UPDATE: On June 16, 2020, the Small Business Administration released new rules implementing the provisions of the Paycheck Protection Program Flexibility Act. While more guidance may soon follow, the rules include some helpful clarification, including confirmation that borrowers with less than 60% of expenditures dedicated to payroll will be eligible for partial loan forgiveness. you may find this analysis of the new rules helpful.
For those who have already received a PPP loan and may be nearing the completion of your loan period, be aware of significant developments regarding the loan forgiveness application process. We recommend that you watch the replay of this excellent webinar from The League of American Orchestras on the loan forgiveness process, including an overview of the Flexibility Act. Also, the SBA has just made available a new EZ forgiveness application which promises to take only 20 minutes to complete and for which many may qualify.
With more than $100 billion remaining in Paycheck Protection Program (PPP) resources, any potential applicant should take note that the opportunity to apply for a loan closes on June 30, 2020.
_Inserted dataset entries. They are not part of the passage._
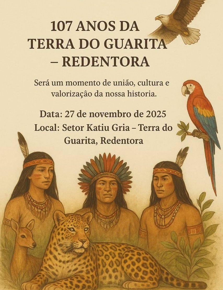 A Terra Indígena do Guarita celebra 107 anos nesta quinta-feira, dia 27, com evento que ocorre no Setor Katiu Gria, pertencente ao município de Redentora.
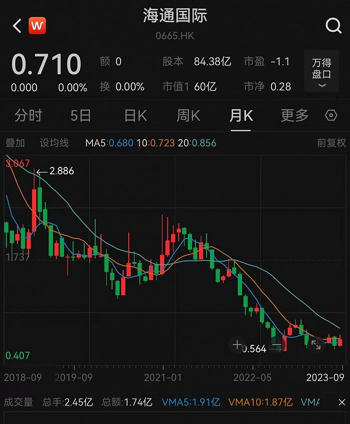 以海通国际最新的收盘价0.71港元计算,此次每股注销的计划股份现金1.52港元,溢价约114%。
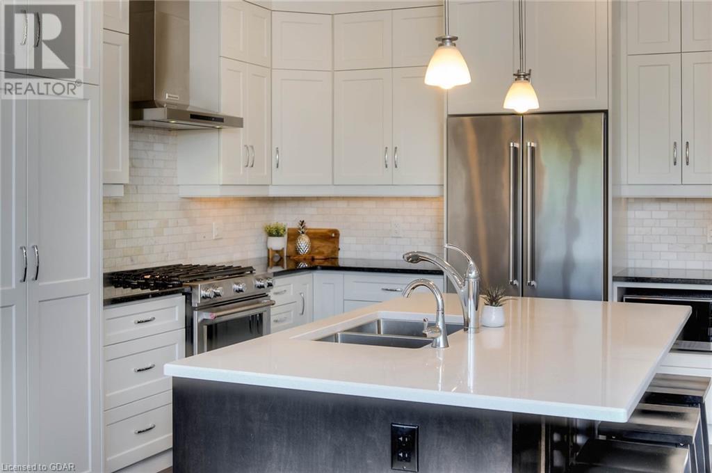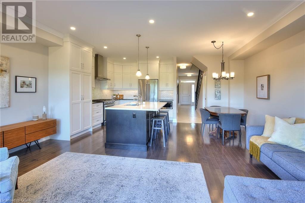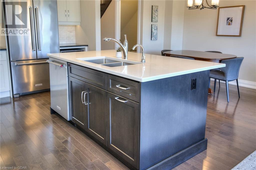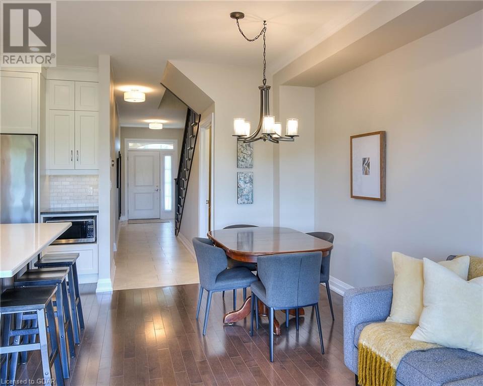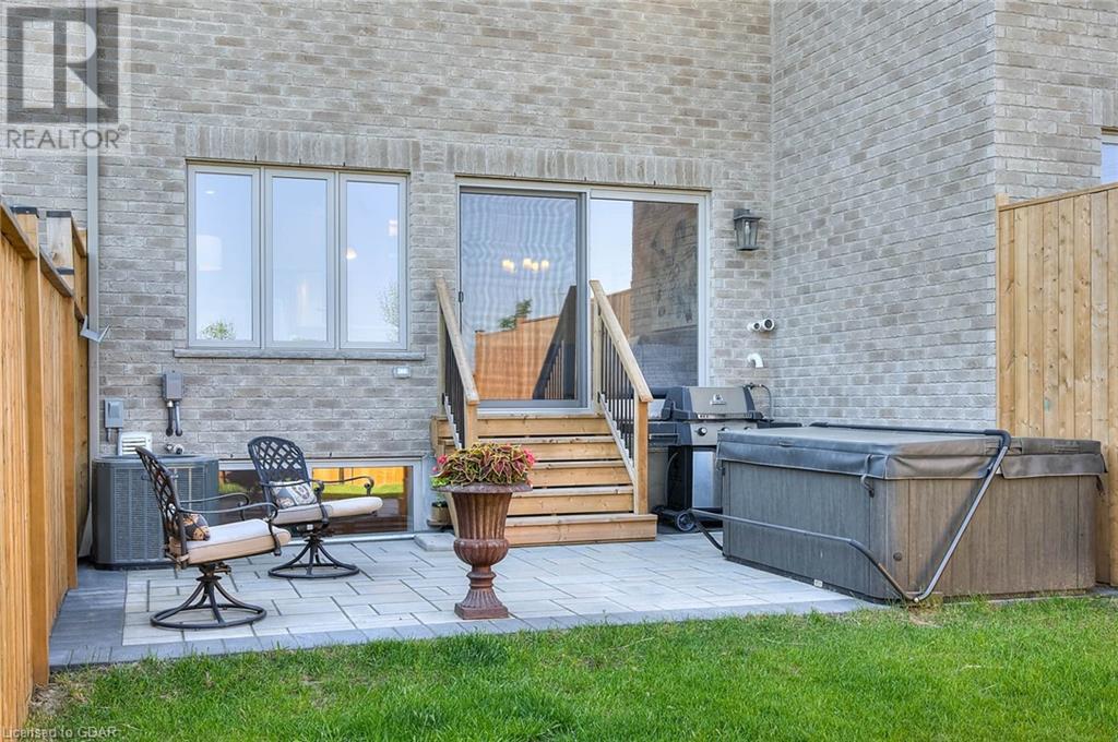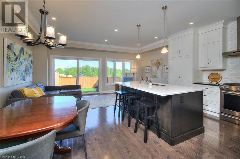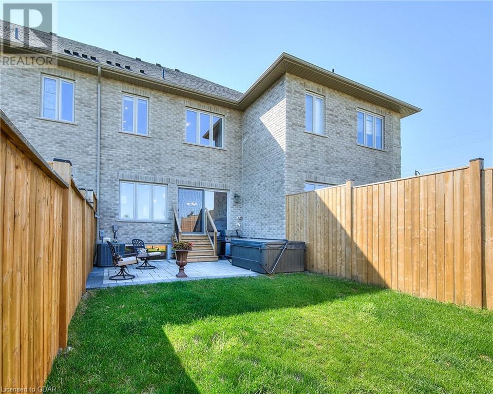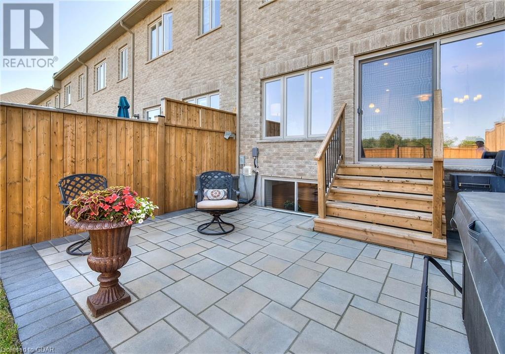 Welcome to one of Guelph's finest freehold townhomes near Guelph Lake! This three-bedroom, two-storey townhome embodies luxury and elegance. The main floor of this home showcases a gourmet kitchen that will inspire your inner chef. Extensive upgrades adorn the kitchen, including luxury stainless steel appliances, and a gas stove/range. The centerpiece of the kitchen is the elegant stone countertop on the centre island with double sink, providing ample space for meal preparation and social gatherings. A quick view of the walk-out to the backyard you will note the fully fenced-in area, which is so very hard to find in a townhouse but allows for your furry companion to have access to much needed outdoor space. The backyard is also finished with a quality hard scaped patio defining your outdoor dining area. Ascending to the second floor, you'll discover the expansive master bedroom, a true sanctuary of comfort, overlooking the tree line of Guelph Lake Conservation Area. This retreat features a spacious walk-in closet, ensuring abundant storage for your wardrobe and personal belongings. The master ensuite is a true masterpiece, with double-sinks, and tiled shower and an upgraded sliding glass door, adding a touch of sophistication to your daily routine. Bathed in natural light streaming through an oversized glass window, the finished basement is perfect for hosting family gatherings, creating a home theater, or designing a personal fitness area. Beyond the quality interiors, the exterior of this property is equally impressive. The stone facade on the front exterior exudes a timeless elegance, enhancing the curb appeal of this townhome. Completing the picture is the contemporary garage door, adding a touch of modernity to the overall aesthetic. Situated in Guelph's north end, you'll immerse yourself in the natural beauty of the surroundings, with superior access to hiking trails, fishing, boating, and managed mountain bike trails at Guelph Lake Conservation Area. (id:22211)
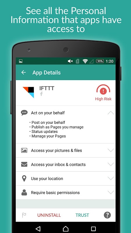 MyPermissions ile kişisel bilgilerinizi akıllıca yönetebilirsiniz! Sizin bilginiz olmadan fotoğraf, belge, konum bilgisi, rehber, e-posta ve diğer hassas bilgileri paylaşmaktan kaçının.
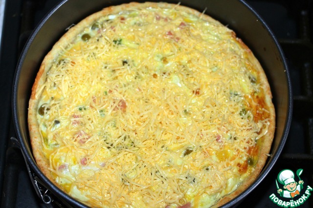 Убрать из теста бумагу с горохом, положить "Оливье", посыпать сыром Купеческий МК Белебеевский (оставить немного сыра для посыпки).

UPDATE: On July 3, 2020, the PPP Extension Act was signed into law, extending the application deadline to August 8, 2020. Here is a helpful article that clarifies and explains some common issues around the latest PPP changes.
UPDATE: On October 8, 2020, the the Small Business Administration issued a new PPP Forgiveness Application Form 3508S and 3508S Instructions for those small businesses that secured a PPP loan of $50,000 or less. The most significant benefit of the new form is that employee reductions and salary reductions are no longer penalized. Additionally, the new form does not require submitting mathematical calculations on how the funds were spent, but it still requires the borrower to submit to the lender evidence (bank statements, invoices, etc.) that the funds were properly spent. Interestingly, the SBA also reduced the lender’s responsibility to “verify” the evidence submitted. SBA just recently began approving PPP forgiveness applications and remitting forgiveness amounts to lenders on October 2, 2020.
UPDATE: On January 11, 2021, following the COVID Relief bill passed in late December 2020, the SBA announced that it would accept applications for Second Draw PPP Loans from January 13, 2021 to March 31, 2021. At least $25 billion is being set aside for Second Draw PPP Loans to eligible borrowers with a maximum of 10 employees or for loans of $250,000 or less to eligible borrowers in low or moderate income neighborhoods. Additional funds are also available for First Draw PPP Loans. The SBA is also offering guidance for Minority, Underserved, Veteran and Women-Owned Businesses.